Exposure to Alcohol-Related Words Increases Men’s Sex Drive

Many men who have consumed alcohol while on dates or at parties know it can have a significant impact on their night. Sometimes a few drinks can make them more sociable or fuel their sexual arousal, while other times it can make them sick, tired and unable to perform sexually. It also can produce what are called “beer goggles,” which causes people who are intoxicated to judge others as more attractive than they are. Now, researchers at the University of Missouri-Columbia have found that just the mere exposure to words that describe alcohol can increase the male sex drive.

“This research shows that even if men aren’t drinking alcohol but are merely exposed to alcohol-related cues, those who expect that alcohol will make them want sex will rate women as more attractive,” said Ronald Friedman, assistant professor of psychology at MU. “In other words, we propose to have found a case of ‘automatic beer goggling.’”

Friedman and Denis McCarthy, an assistant professor of psychology at MU, examined 82 males ranging in age from 18 to 27. First, the subjects answered questionnaires that asked whether they thought alcohol affected their sex drive. Afterward, the men were divided into two groups and placed next to computers. One group was shown words that described alcohol, such as liquor, beer and keg. The other group saw words like water, soda and coffee.
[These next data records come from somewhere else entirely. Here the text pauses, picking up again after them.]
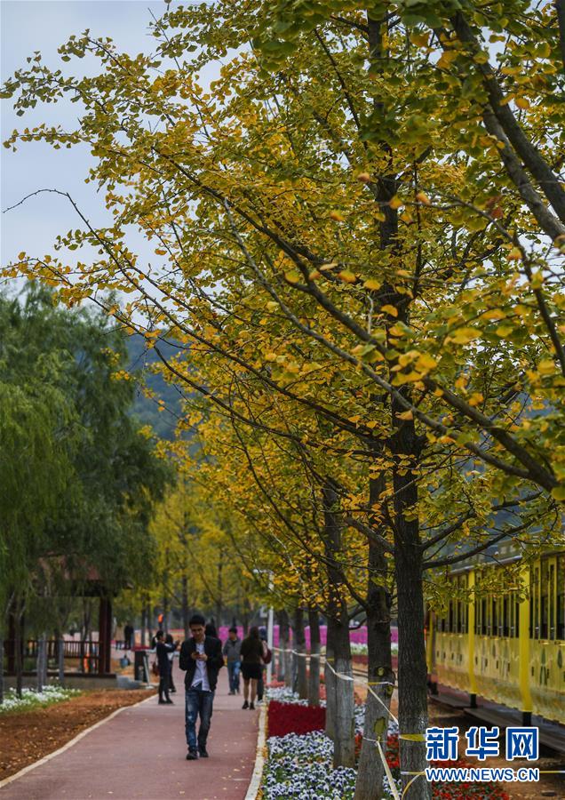 11月2日,游客在金黃的銀杏林與“五彩花?!遍g觀賞秋色。 新華社記者 徐昱 攝
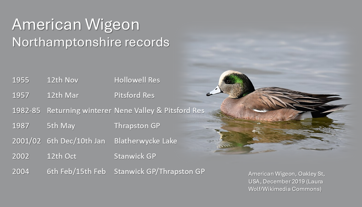 Discovered at Thrapston GP’s Titchmarsh NR on 27th and leaving all of the aforementioned in the shade, however, was Northamptonshire’s first American Wigeon for twenty-one years. Long overdue, it’s only the eighth county record and, remaining settled throughout the week, it duly attracted a steady stream of admirers, both local and from further afield.
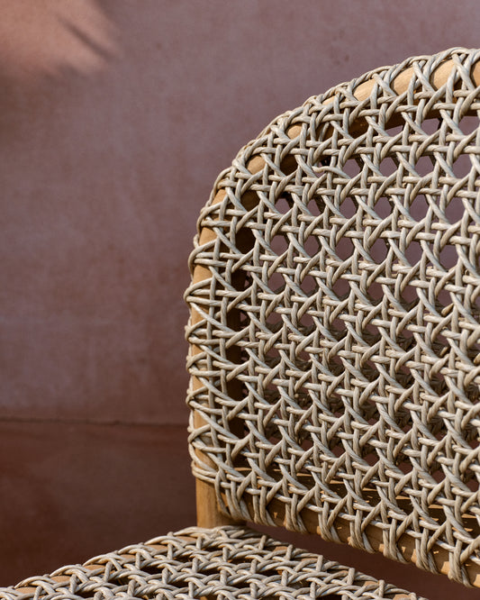 - Trenzado a mano Asiento y respaldo hechos con cuerda resistente a los rayos UV y trenzada a mano.
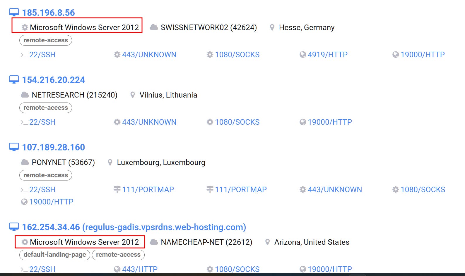 Following the finding of X user Fox_threatintel, we can see that there are 17 hosts matching the query for specific nginx versions running on port 19000. What stands out immediately are the findings regarding Windows server 2012, this was something that helped me identify infrastructure related to Rhadamanthys infostealer on a recent post. This finding helps me hypothesize that this infrastructure is used by multiple threat actors and is mainly serving infostealers and RATs.

Then, the men were presented with a series of 21 photographs of a variety of women with a diverse range of facial features and from a variety of racial groups. The participants in one condition were asked to indicate how attractive they found each woman on a nine-point scale. Men in another condition had to identify how intelligent each woman looked on the same scale.

The researchers found that the group of men who expected alcohol to enhance their sex drive found the women in the photos more attractive after viewing the alcohol cue words. The group that expected alcohol to reduce their sex drive found the women to be less attractive. However, Friedman said the alcohol cue words had no impact on rating the intelligence of the women in the photos.

What we found so surprising about the results was that just viewing words related to alcohol can influence a man’s perception of a female,” Friedman said. “What is worrisome is that these expectations we have about alcohol, as well as drugs, can be activated with little or no awareness.”

The study will be published in the May issue of Addiction.